To the French, The Battle of Vimy Ridge was bloody slaughter. To the British, it was stalemate. But to the Canadians, it was their finest hour.

On Easter Monday 1917, in the midst of the First World War, the Battle of Vimy Ridge began at 5.30 AM with the roar of a thousand heavy guns, howitzers and mortars. Six days later, the Canadian Corps seized Vimy Ridge from Germany.

One of Canada’s most spectacular military triumphs – gaining more ground and capturing more prisoners than any British offensive on the Western Front – the victory was nonetheless bittersweet, coming at a cost of over 10,000 casualties.

Based on eyewitness accounts, Vimy Ridge is a chilling and highly personal recollection of the famous battle. Drawing on experiences in the trenches, ill-advised leadership and the true cost of First World War losses, McKee’s study is an invaluable reconstruction of both sides of the war.

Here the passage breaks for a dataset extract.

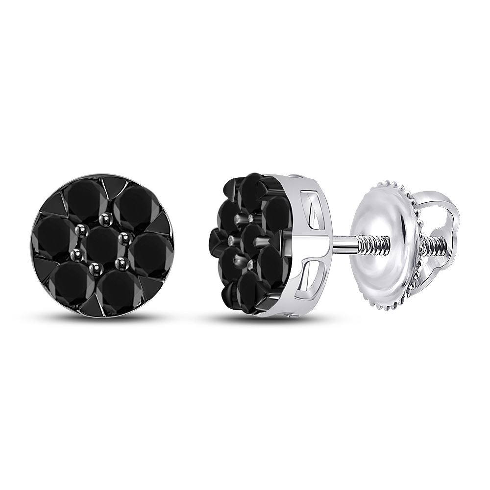 REF-14V5A - SKU: GD66750 ---- Round Black Color Enhanced Diamond Flower Cluster Earrings 3/8 Cttw 14kt White Gold
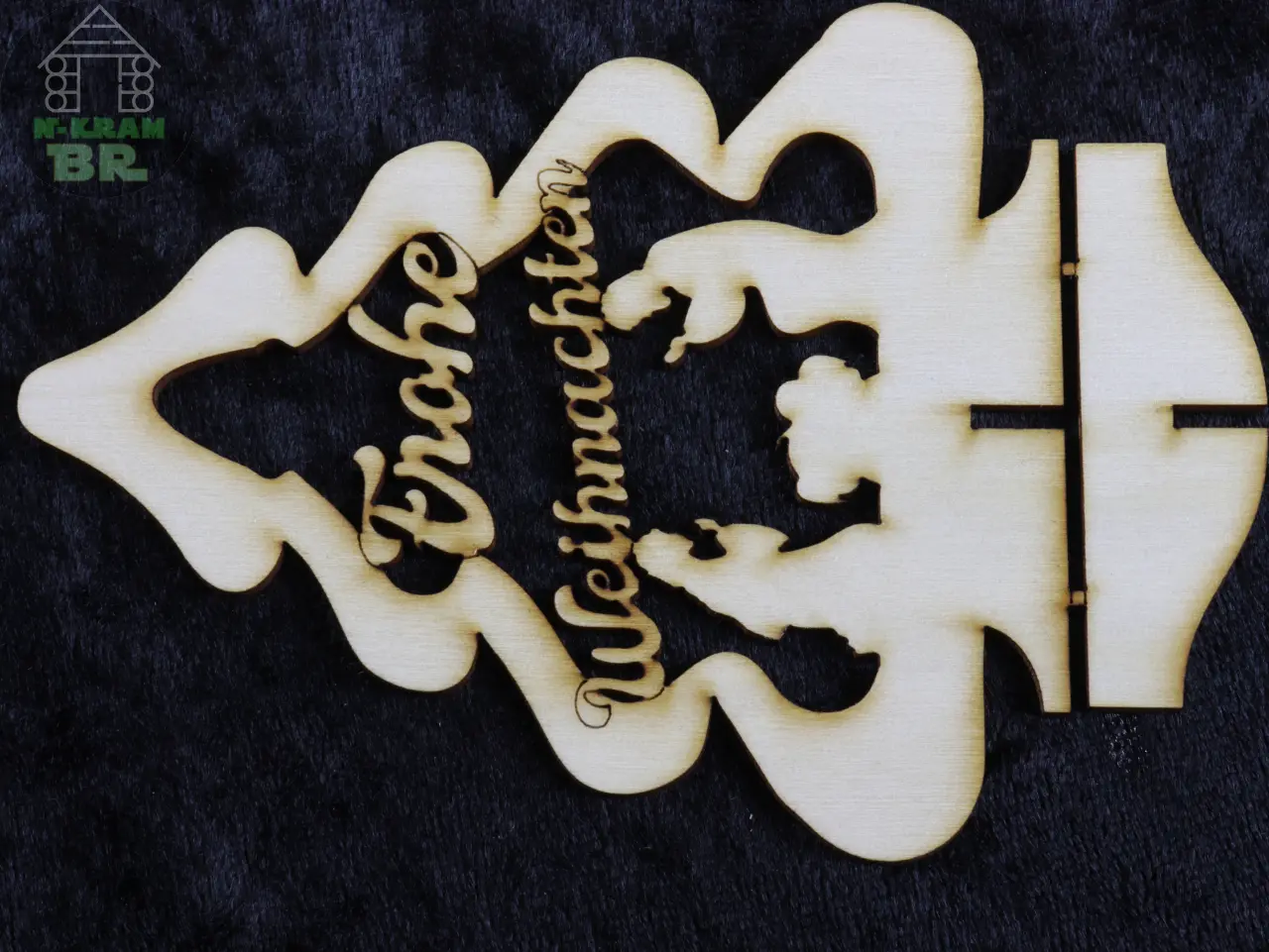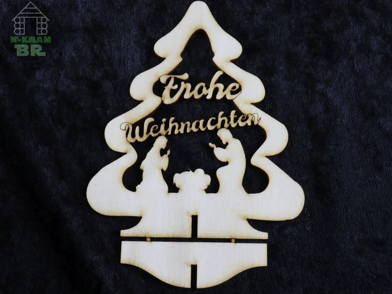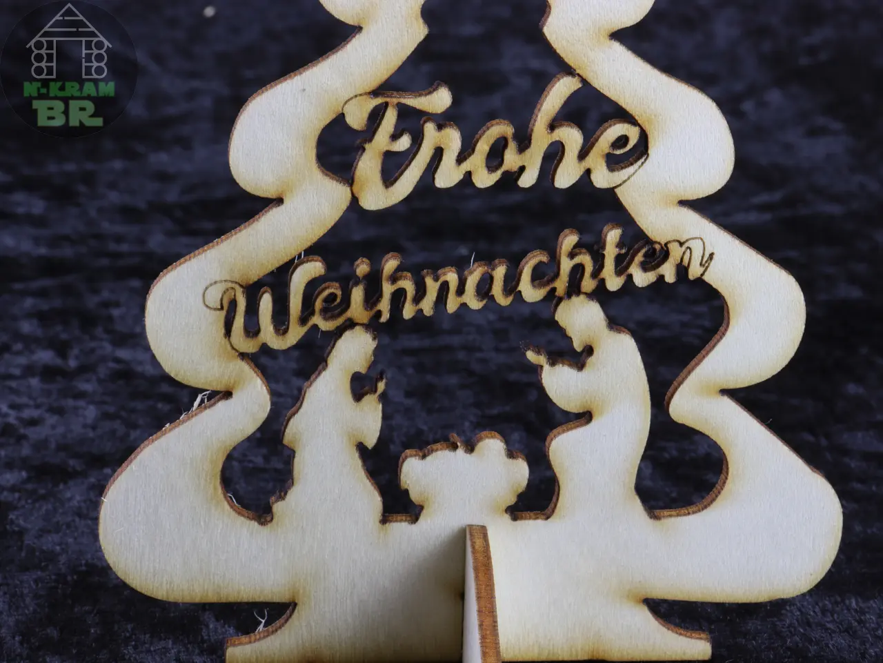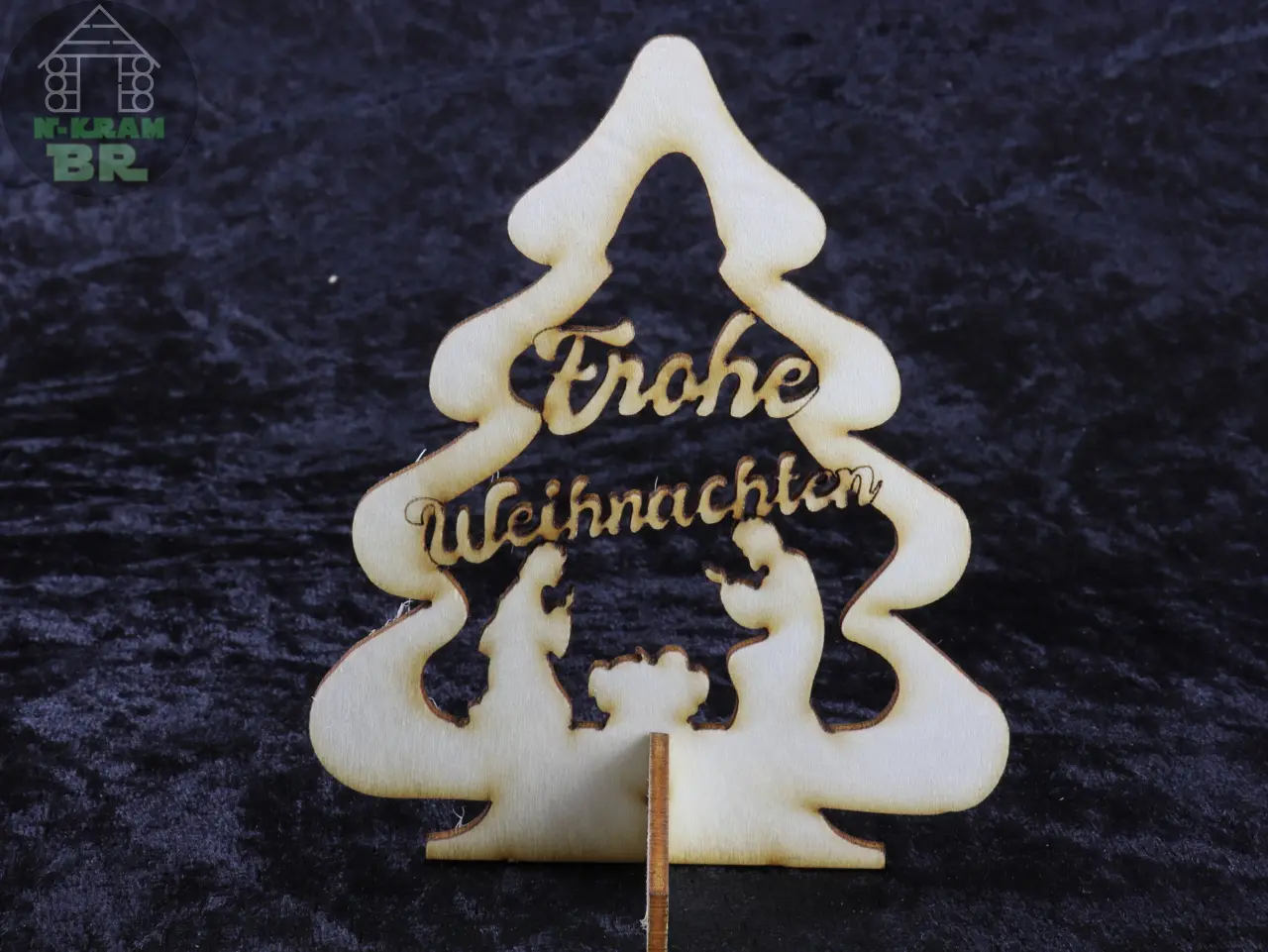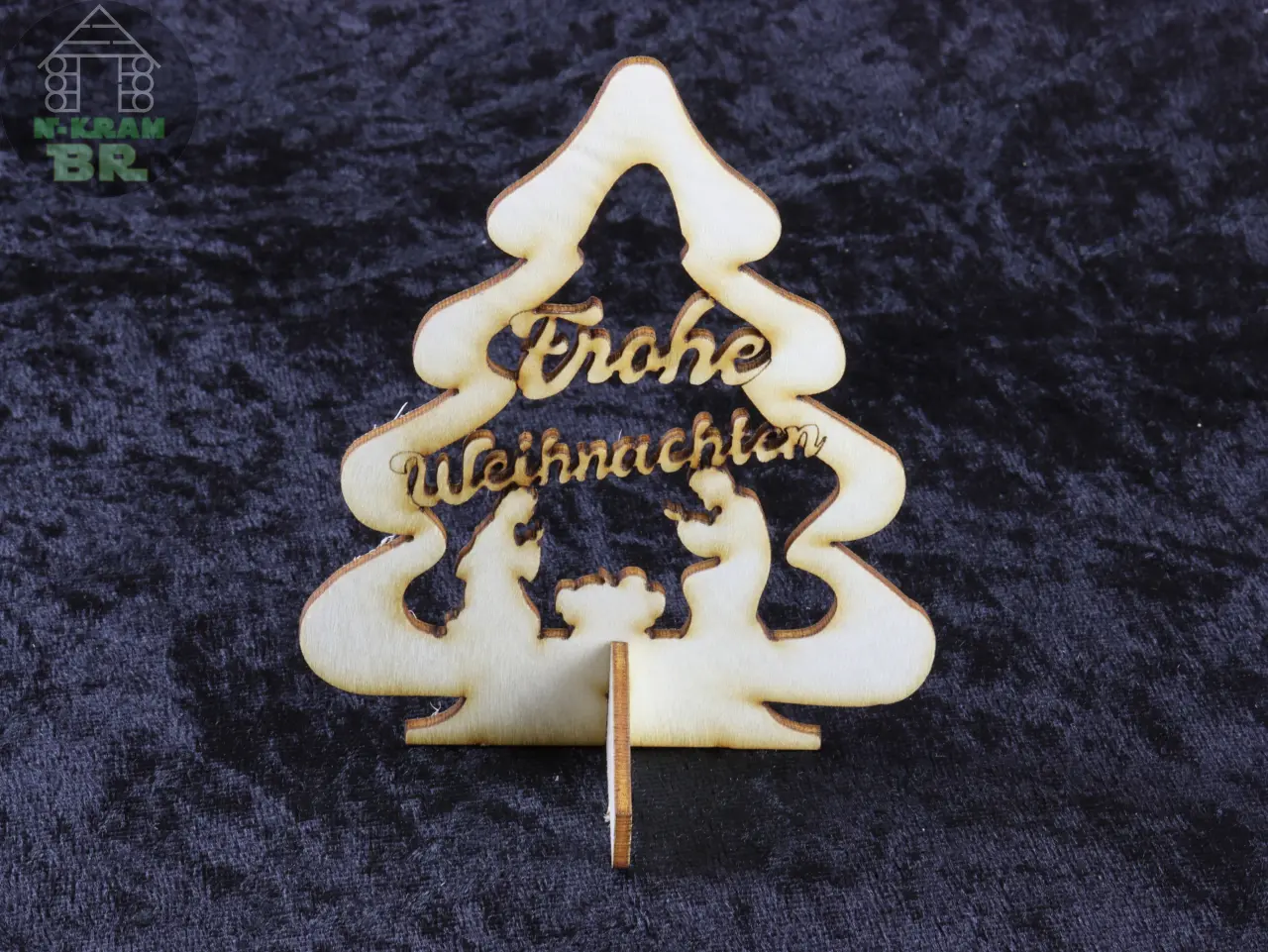 Der Baum hohl mit Text eignet sich prima zur Kleindekoration. Am Arbeitsplatz etwa oder wenn Zuhause nicht so viel Platz ist. Man kann das Bäumchen auch prima verschenken. Der Baum besteht aus einer einzelnen Schicht 2mm Sperrholz und ist etwa 9cm hoch und 7,5cm breit. Das Bäumchen ist geschwungen dargestellt und hat in der Aussparung eine Krippenszene und einen Weihnachtsgruß. Zum Aufstellen muss nur der Fuß aus der dünnen Halterung gebrochen werden und unten an den Baum aufgesteckt werden. Dann fällt der Baum hohl mit Text auch nicht so leicht um. Der Fuß kann jederzeit wieder entfernt werden, damit das Bäumchen bei der Aufbewahrung etwas flacher ist.

Alexander McKee was selling aviation articles to flying magazines by the age of eighteen. During the Second World War he wrote for a succession of army newspapers and later became a writer/producer for the British Forces Network. Since 1956 he has been researching and writing books on all branches of naval, military and aviation history. He instigated the excavation of the Tudor ship Mary Rose in the seabed off Portsmouth, which he describes in King Henry VIII’s Mary Rose. He has authored nineteen books.